→ TASK DATA:
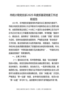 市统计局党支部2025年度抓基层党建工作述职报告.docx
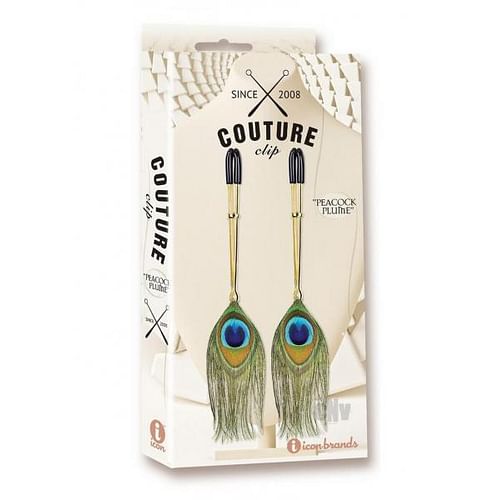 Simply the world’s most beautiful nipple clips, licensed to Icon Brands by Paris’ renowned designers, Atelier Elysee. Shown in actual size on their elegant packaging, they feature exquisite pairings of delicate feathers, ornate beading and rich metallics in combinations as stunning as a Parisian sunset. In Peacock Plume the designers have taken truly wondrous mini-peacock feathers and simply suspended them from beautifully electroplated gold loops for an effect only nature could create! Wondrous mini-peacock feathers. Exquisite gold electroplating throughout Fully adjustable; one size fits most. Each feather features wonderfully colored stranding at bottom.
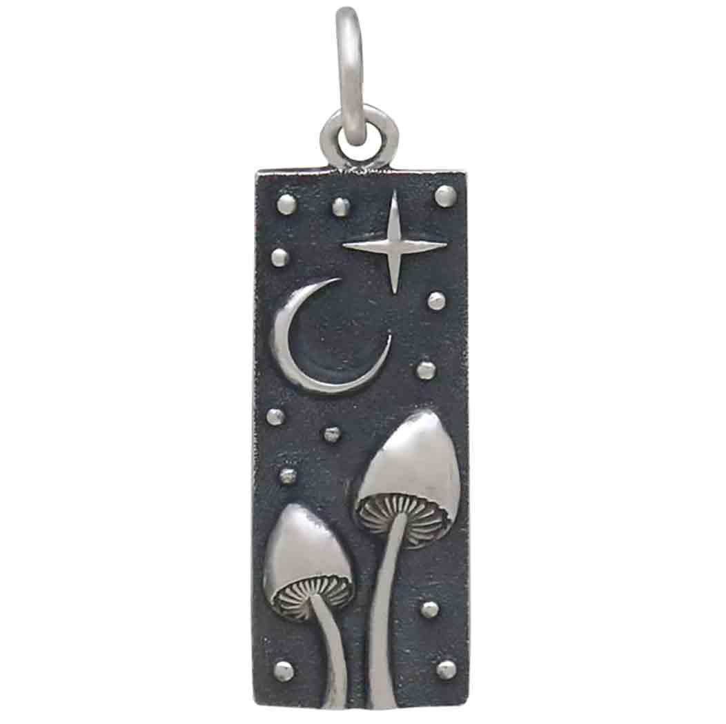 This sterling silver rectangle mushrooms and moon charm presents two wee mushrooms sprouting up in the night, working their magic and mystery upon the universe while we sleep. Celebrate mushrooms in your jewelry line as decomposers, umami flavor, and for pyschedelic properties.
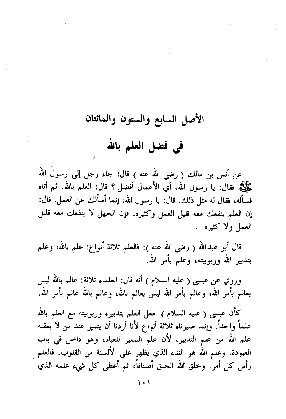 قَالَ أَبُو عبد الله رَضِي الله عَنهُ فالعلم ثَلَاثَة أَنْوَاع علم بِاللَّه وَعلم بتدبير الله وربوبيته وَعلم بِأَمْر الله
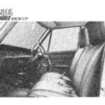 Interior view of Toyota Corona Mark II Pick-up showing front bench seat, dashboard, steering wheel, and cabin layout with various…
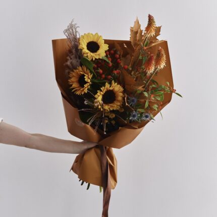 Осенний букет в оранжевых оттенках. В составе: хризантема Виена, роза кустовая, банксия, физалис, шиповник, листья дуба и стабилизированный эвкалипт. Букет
* * *
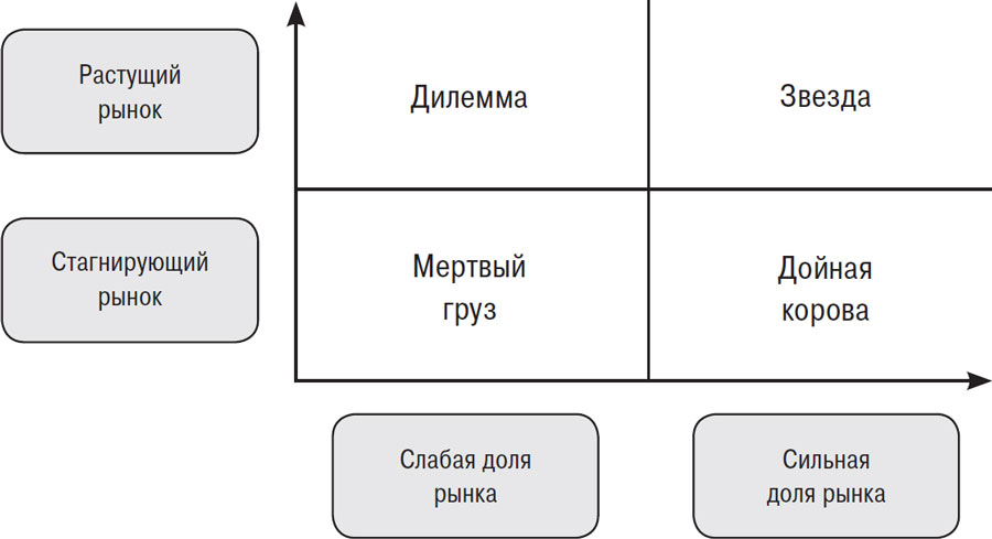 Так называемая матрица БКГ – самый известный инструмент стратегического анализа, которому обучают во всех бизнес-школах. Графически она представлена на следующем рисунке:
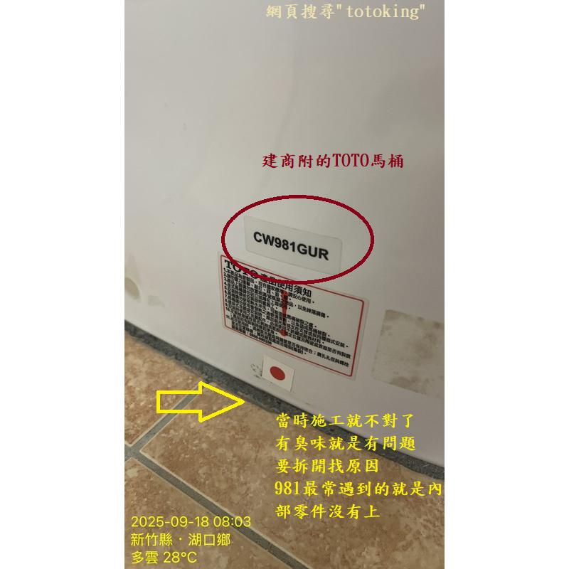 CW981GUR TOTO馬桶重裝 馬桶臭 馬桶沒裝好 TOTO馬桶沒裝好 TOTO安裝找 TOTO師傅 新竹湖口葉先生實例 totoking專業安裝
* * *
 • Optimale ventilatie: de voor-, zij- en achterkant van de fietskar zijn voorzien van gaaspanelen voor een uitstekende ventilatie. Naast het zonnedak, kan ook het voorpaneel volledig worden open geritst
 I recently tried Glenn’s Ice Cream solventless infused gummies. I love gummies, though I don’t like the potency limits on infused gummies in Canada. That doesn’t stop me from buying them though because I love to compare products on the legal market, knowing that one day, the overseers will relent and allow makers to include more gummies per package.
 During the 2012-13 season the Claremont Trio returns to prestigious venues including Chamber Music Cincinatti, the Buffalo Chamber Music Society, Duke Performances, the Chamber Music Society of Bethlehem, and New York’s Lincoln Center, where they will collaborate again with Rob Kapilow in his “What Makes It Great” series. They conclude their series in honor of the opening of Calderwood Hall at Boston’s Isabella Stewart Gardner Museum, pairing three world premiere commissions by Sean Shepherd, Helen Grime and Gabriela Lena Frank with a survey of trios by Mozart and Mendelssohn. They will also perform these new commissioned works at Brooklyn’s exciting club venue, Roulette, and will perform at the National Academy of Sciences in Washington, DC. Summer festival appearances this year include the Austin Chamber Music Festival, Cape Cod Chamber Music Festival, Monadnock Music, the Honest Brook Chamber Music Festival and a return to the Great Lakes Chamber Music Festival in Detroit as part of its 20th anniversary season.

→ TASK INSTRUCTIONS:
What do the entries above read from the line containing "This sterling silver" through the line containing "Осенний букет в"? Output those lines exactly, both ends included, with the pictures left out.

→ WORKED SOLUTION:
 This sterling silver rectangle mushrooms and moon charm presents two wee mushrooms sprouting up in the night, working their magic and mystery upon the universe while we sleep. Celebrate mushrooms in your jewelry line as decomposers, umami flavor, and for pyschedelic properties.
 قَالَ أَبُو عبد الله رَضِي الله عَنهُ فالعلم ثَلَاثَة أَنْوَاع علم بِاللَّه وَعلم بتدبير الله وربوبيته وَعلم بِأَمْر الله
 Interior view of Toyota Corona Mark II Pick-up showing front bench seat, dashboard, steering wheel, and cabin layout with various…
 Осенний букет в оранжевых оттенках. В составе: хризантема Виена, роза кустовая, банксия, физалис, шиповник, листья дуба и стабилизированный эвкалипт. Букет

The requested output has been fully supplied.